Do absolute return fixed income strategies improve a bond portfolio’s risk/return profile?
Portfolio modelling shows the impact of adding a modest absolute return allocation to two different fixed income portfolios. The result: similar returns but a significantly better Sharpe Ratio thanks to lower volatility.
Manager selection brings challenges. These include diversity of objectives, short live track records, capacity constraints, higher fees and question marks over strategy ownership within firms.
What benchmarks and objectives are appropriate? Managers are tending to state a short-term (usually lower) return objective for, and a longer-term (higher) return objective for the full market cycle. We believe that true absolute return strategies with a more ‘market neutral’ approach should be able to achieve their long-term objectives regardless of the low yield climate, especially during periods of heightened volatility. Volatility targets are critical to return objectives.
The last five years have seen a substantial number of firms launching absolute return fixed income strategies of various types.
There are currently around 100 managers, 60 of which offer a fund vehicle. But strategies with longer track records are rare: we recently identified 40 UCITS funds that had two years of real representative track record at January 2015 and only 16 could present more than five years.

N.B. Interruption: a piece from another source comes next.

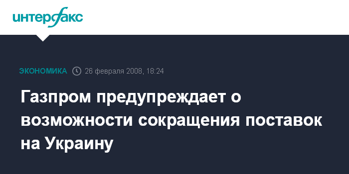 Газпром предупреждает о возможности сокращения поставок на Украину

They vary by geographical allocation, sector weighting and beta exposure. Rarely truly global, they often reflect a home bias, with U.S. managers viewing non-U.S. markets as an opportunistic investment. Beta exposure can vary from high (sector-rotation type products with generally higher credit risk) to low (more market neutral products taking long/short trades across rates, currencies and credit markets).
While not all can claim to be truly absolute return oriented or achieve a stable stream of returns, each variation may have its merits. Investors should be clear about the desired function. The primary purpose should be to protect on the downside during turbulent environments and we should not expect high single digit or double digits returns unless strategies are implemented with a level of leverage that is unlikely to suit a UCITS format.